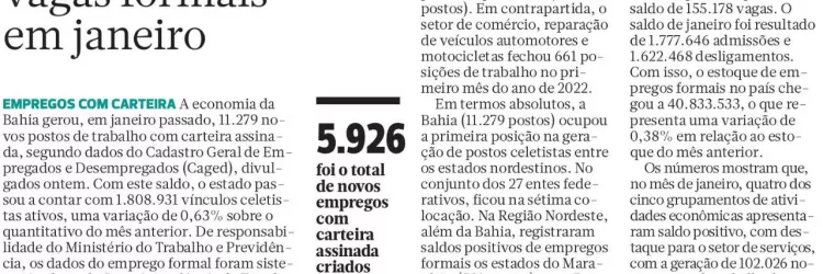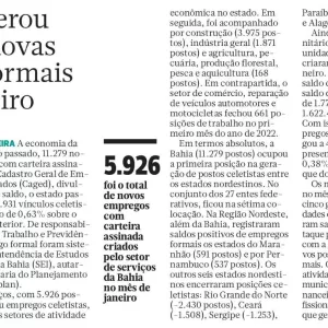 Bahia gera mais de 11 mil postos de trabalho em janeiro, comércio varejista registrou crescimento de 2,3%
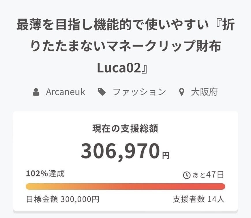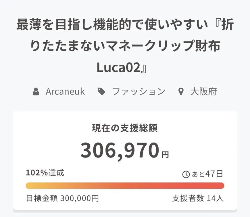 マネークリップ財布Luca(ルカ)02、開始5分で目標金額を上回るご支援をいただきました!
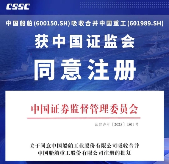 7月(yue)18日,中(zhong)國(guo)證監會發(fa)布《關于同意(yi)中(zhong)國(guo)船(chuan)舶工(gong)(gong)(gong)業(ye)股(gu)(gu)份有(you)限(xian)公司(si)(si)(si)吸(xi)收合并中(zhong)國(guo)船(chuan)舶重(zhong)工(gong)(gong)(gong)股(gu)(gu)份有(you)限(xian)公司(si)(si)(si)注(zhu)冊的批復(fu)》,同意(yi)中(zhong)國(guo)船(chuan)舶工(gong)(gong)(gong)業(ye)股(gu)(gu)份有(you)限(xian)公司(si)(si)(si)換股(gu)(gu)吸(xi)收合并中(zhong)國(guo)船(chuan)舶重(zhong)工(gong)(gong)(gong)股(gu)(gu)份有(you)限(xian)公司(si)(si)(si)。

**TASK PROMPT**
The answer should hold every line of the listing, copied exactly, with no pictures.

**ANSWER SECTION**
 Bahia gera mais de 11 mil postos de trabalho em janeiro, comércio varejista registrou crescimento de 2,3%
 マネークリップ財布Luca(ルカ)02、開始5分で目標金額を上回るご支援をいただきました!
 7月(yue)18日,中(zhong)國(guo)證監會發(fa)布《關于同意(yi)中(zhong)國(guo)船(chuan)舶工(gong)(gong)(gong)業(ye)股(gu)(gu)份有(you)限(xian)公司(si)(si)(si)吸(xi)收合并中(zhong)國(guo)船(chuan)舶重(zhong)工(gong)(gong)(gong)股(gu)(gu)份有(you)限(xian)公司(si)(si)(si)注(zhu)冊的批復(fu)》,同意(yi)中(zhong)國(guo)船(chuan)舶工(gong)(gong)(gong)業(ye)股(gu)(gu)份有(you)限(xian)公司(si)(si)(si)換股(gu)(gu)吸(xi)收合并中(zhong)國(guo)船(chuan)舶重(zhong)工(gong)(gong)(gong)股(gu)(gu)份有(you)限(xian)公司(si)(si)(si)。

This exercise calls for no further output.